Tomasz Merton, najsłynniejszy chyba mnich XX wieku, sformułował następujące zdanie: „Miłość sprawdza się jedynie wtedy, gdy się ją przekazuje innym. Nigdzie nie można znaleźć szczęścia którego szukamy tylko dla nas samych, bowiem szczęście, które zmniejsza się, gdy je dzielimy z innymi, nie jest wystarczająco wielkie, aby nas uszczęśliwić”.
Bez miłości jesteś nikim. Bez miłości człowieku, po prostu Cię nie ma!!! Gdybyś stanął nawet na księżycu, a miłości byś nie miał – nie masz pojęcia o słońcu. Gdybyś poznał wszystkie tajemnice morza, a miłości byś nie miał – w twoich oczach nie zaświeci żadna gwiazda. Gdybyś posiadał bogactwa całego świata, a miłości byś nie miał – twoje serce stanie się „kamieniem”. Gdybyś usłyszał twe imię wymawiane w językach wszystkich narodów świata, a miłości byś nie miał -będziesz tylko żywym trupem. Bez miłości jesteś umarłą istotą /Phil Bosmans/.
Spotykamy jednak na naszych drogach życia wielu ludzi, którzy uważają, że ich najważniejszym zadaniem jest odizolowanie się od innych. Odczuwają bowiem chorobliwy strach przed tym, że ktoś ich kiedyś wykorzysta i że ich poświęcenie dla innych ludzi przekracza ich siły.
Kto jednak z bojaźnią patrzy na swoje ograniczenia, nigdy nie doświadczy miłości, do której jest zdolny. Każdy z nas wezwany jest do miłości, która jest największym „zadaniem”, które my ludzie mamy poznawać i nim żyć…
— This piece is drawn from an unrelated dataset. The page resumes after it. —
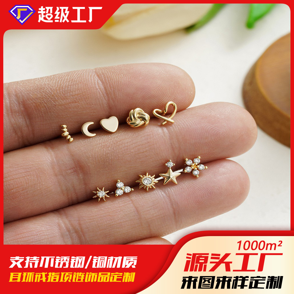欧米の国境を越えたステンレス18k金穿刺片耳小衆はジルコン耳骨釘直棒ねじ耳飾りを組み合わせた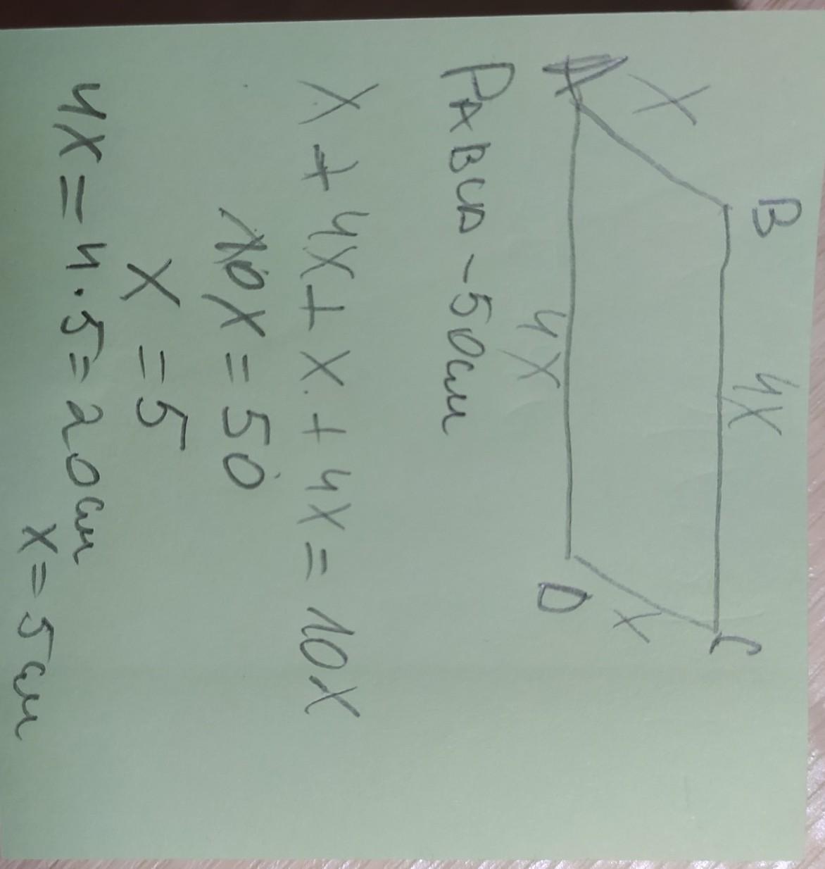 3. Периметр араллелограмма ранен 50 см. Найдите стороны параллелограмма, ее две его стороны относятся как 1:4

Miłość chce płynąć, a tylko wówczas można ją poczuć, kiedy płynie
Z miłością jest jak z wodą. Kiedy trzymamy rękę w jeziorze po jakimś czasie zapominamy, ze jest w wodzie. Ręka przyzwyczaja się do „nowego środowiska” jakim jest woda.
Kiedy jednak tę samą rękę włożymy do rzeki, wir wody ciągle przypomina nam o swojej obecności. Nie można przechowywać miłości w zamkniętym naczyniu, gdyż wtedy szybko ulega zepsuciu.
Oczywiście, że miłość potrzebuje granic, gdyż człowiek nie jest Bogiem i nie potrafi kochać bez ograniczeń. Mamy jednak udział w nieograniczonej miłości Boga. Kiedy nasza miłość pochodzi ze zdroju miłości Bożej, wówczas wypływa z nas i nie wyczerpuje się. Jest źródłem „wody żywej i wietrznej”.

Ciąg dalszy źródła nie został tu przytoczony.